Timothy Rees

Personal information
- Born: July 24, 1980 (age 45) Kingston, Ontario
- Occupation: Judoka
- Height: 1.78 m (5 ft 10 in)
- Weight: 100 kg (220 lb) (2012)

Sport
- Country: Canada
- Sport: Judo
- Disability: Blind
- Disability class: B2
- Club: Victoria Judo Club
- Coached by: Tom Thompson

Medal record
Paralympic judo
Representing Canada
Parapan American Games
| Bronze medal – third place | 2011 Guadalajara | -100kg |

Profile at external databases
- JudoInside.com: 89848

= Timothy Rees (judoka) =

Paralympic judoka

Timothy Rees (born 24 July 1980) is a Canadian judoka and academic who represented Canada in Judo at the 2012 Paralympics in the -100 kg category. He was eliminated in the first round by Britain's Joe Ingram.

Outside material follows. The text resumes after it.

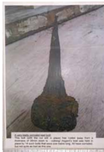
An example of a very badly corroded keel bolt. These keel bolts had to be removed and replaced with stainless steel ones

Rees won bronze at the 2011 Parapan American Games in the under -100 kg category. He holds a PhD in applied mathematics and worked as a postdoctoral research fellow at the University of Victoria. In 2015 he began work in industry, and he currently serves as the Chief Scientist at Allsalt Maritime Corporation.